Chapman v. California, 386 U.S. 18, 87 S.Ct. 824, 17 L.Ed.2d 705 (1967), which held that instructional error could be harmless, listed only the rights to uncoerced confessions, counsel, and trial before an impartial judge as so basic to a fair trial that their denial could never be treated as harmless error. The test to be applied to other errors was to “requir[e] the beneficiary of a constitutional error to prove beyond a reasona'ble doubt that the error complained of did not contribute to the verdict obtained.” 386 U.S. at 24, 87 S.Ct. at 828. “[Bjefore a federal constitutional error can be held harmless, the court must be able to declare a belief that it was harmless beyond a reasonable doubt.” Id.

In Krzeminski v. Perini, 614 F.2d 121 (6th Cir.), cert. denied, 449 U.S. 866, 101 S.Ct. 199, 66 L.Ed.2d 84 (1980), this Court had occasion to apply the harmless error rule to improper jury instructions which the court found were patently unconstitutional. The state trial judge had advised the jury that since defendant had admitted in open court that he killed the deceased, a verdict of not guilty could not be returned.
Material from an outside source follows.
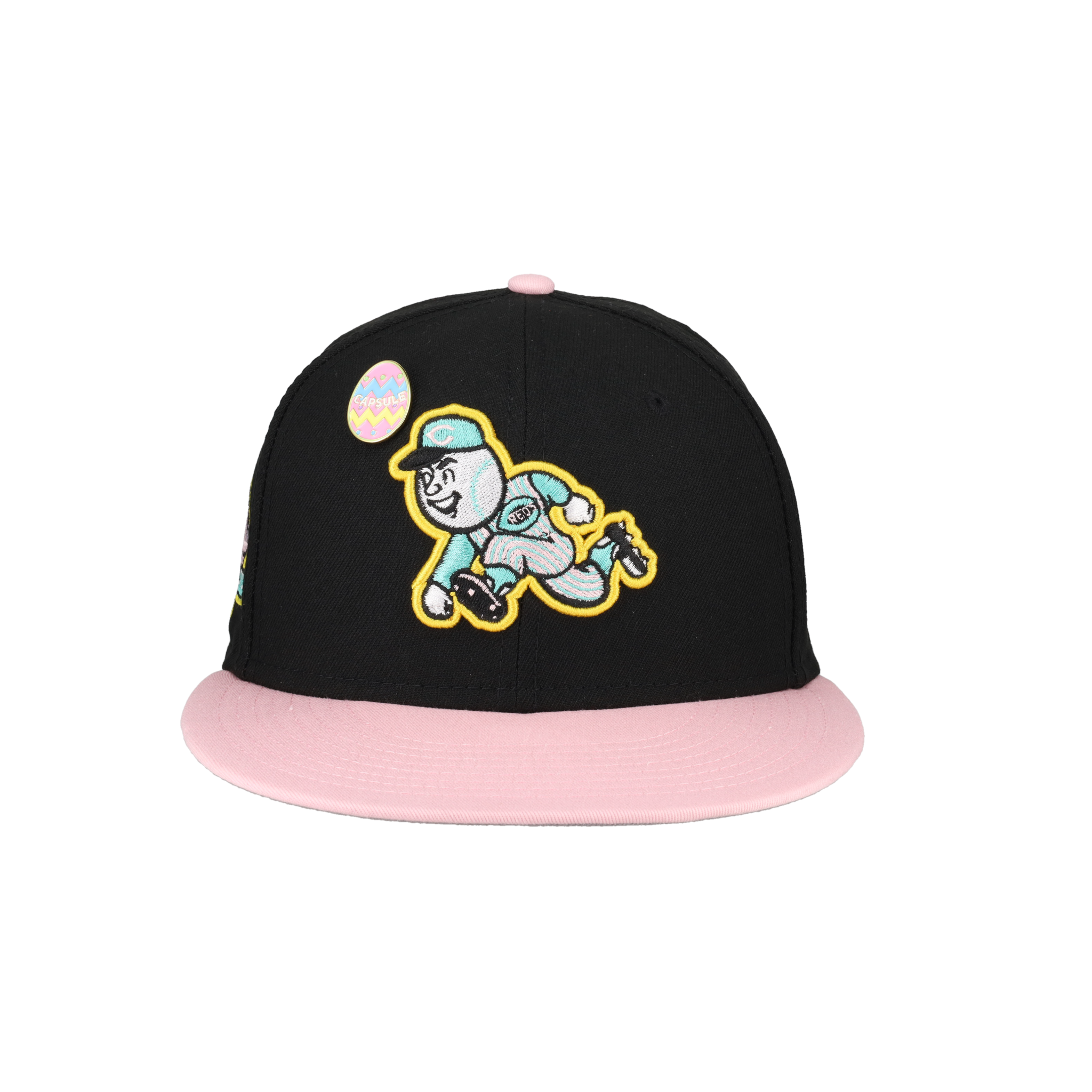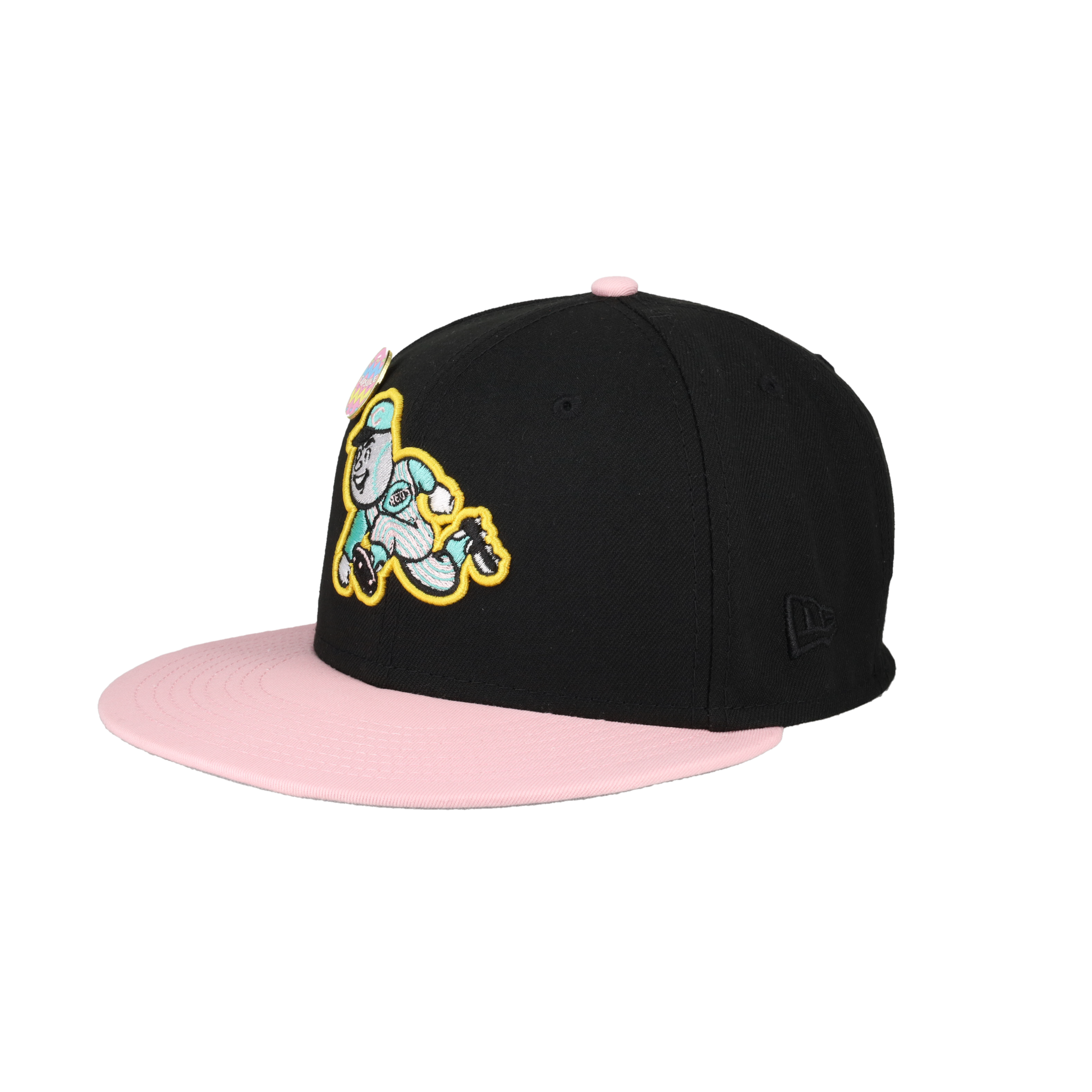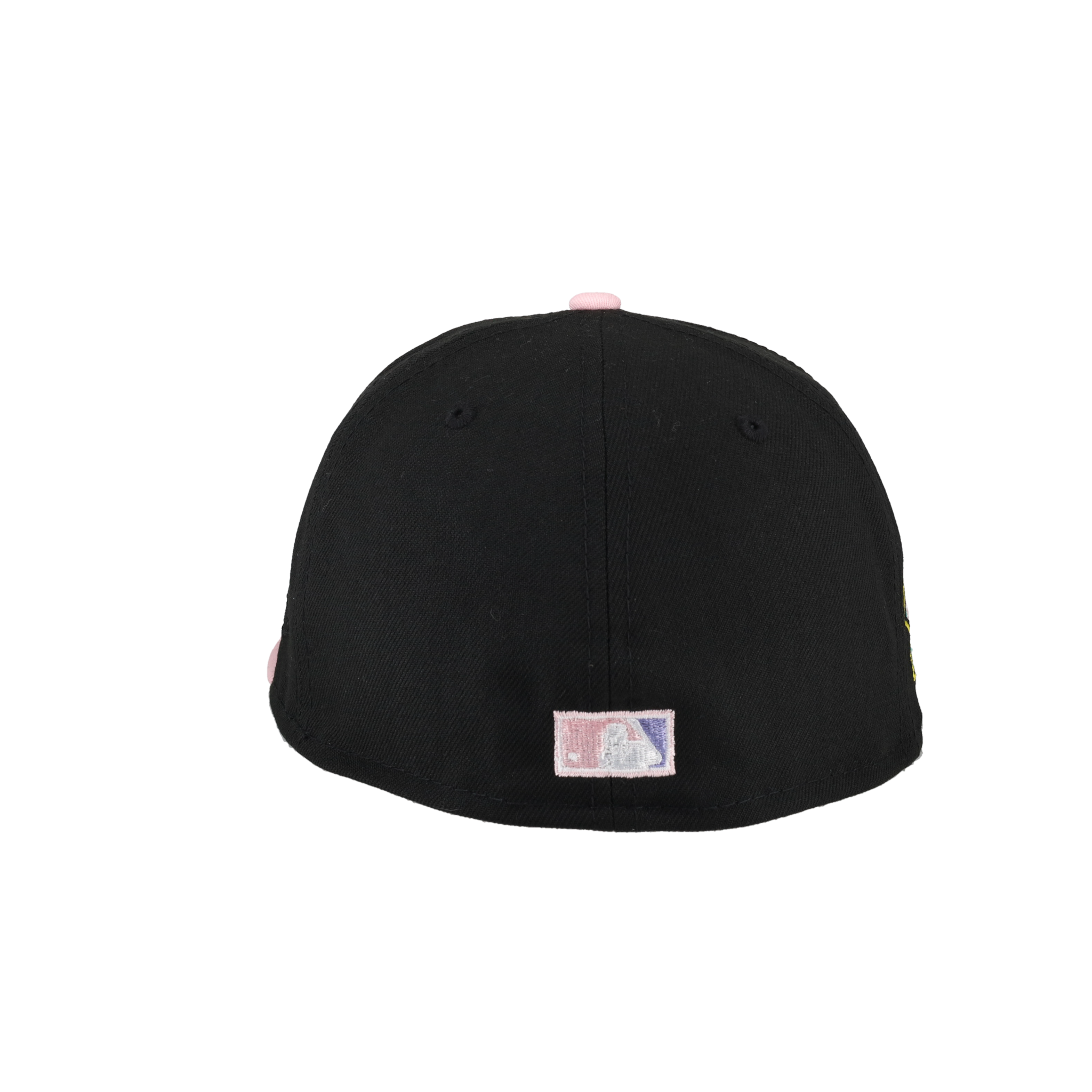 This New Era Cincinnati Reds Easter 1970-2002 Patch 2023 59FIFTY Fitted Hat was released by Capsule. The fitted has a black six panel structured high crown and embroidered eyelets with a pink fabric squatchee button. The flat bill of the fitted cap is pink with a grey undervisor and a black sweatband. The front panel features the Cincinnati Reds logo embroidery with a 1970-2002 side patch on the right panel. The left panel of the fitted displays the New Era logo and the official MLB Batterman logo on the rear-crown .

The judge had also noted that an element of the crime could be presumed, contrary to the holding of Sandstrom v. Montana, 442 U.S. 510, 99 S.Ct. 2450, 61 L.Ed.2d 39 (1979).

Applying the Chapman test this Court held that the instruction only to convict was harmless under the facts of the case.

Our examination of the record convinces us that the first error was harmless beyond a reasonable doubt. The defense at trial never argiied that the defendant should be found not guilty. It argued *425that the defendant should be found not guilty by reason of insanity, or alternatively, guilty of a lesser included offense of first degree murder. The defendant admitted the murder to numerous other people and recounted the details of the murder from the witness stand to the jury. Five people testified that the petitioner admitted the murder to them. A friend of the petitioner testified that on two different occasions, the petitioner stated that he was going to kill his wife. The only effect of the judge’s instruction that the jury could not acquit the defendant was to minimize the possibility of jury nullification. Only an irrational jury could have acquitted the defendant outright.

Krzeminski v. Perini, supra, at 125.

The Court also noted that in remanding Sandstrom to the Montana Supreme Court the Supreme Court did so with the notation that the lower court was free to consider the question of harmless error. Id., at 126 n.7. I see no distinction from the defendant’s viewpoint between an instruction presuming an element of the crime, the constitutional error in Sandstrom, and the failure to give an instruction on an element. In any event the jury has not had the opportunity to pass on that element. Because I think we are required to apply the harmless error rule where a state trial judge fails to instruct the jury on an element of the crime, and because the error here was harmless, I respectfully dissent.

I agree with that portion of the majority’s opinion in which it fashions a remedy of reclassification of petitioner’s conviction.

The law in Ohio since 1858 has been that it is the syllabus of the Supreme Court decisions which states the law, i.e., the points of law decided in a case are to be found in the syllabus. Therefore, where the justice assigned to write the opinion discusses matters or expresses his opinion on questions not in the syllabus, the language is merely the personal opinion of the writer.

State v. Wilson, 58 Ohio St.2d 52, 60, 388 N.E.2d 745, appeal dismissed, 444 U.S. 804, 100 S.Ct. 25, 62 L.Ed.2d 17 (1979).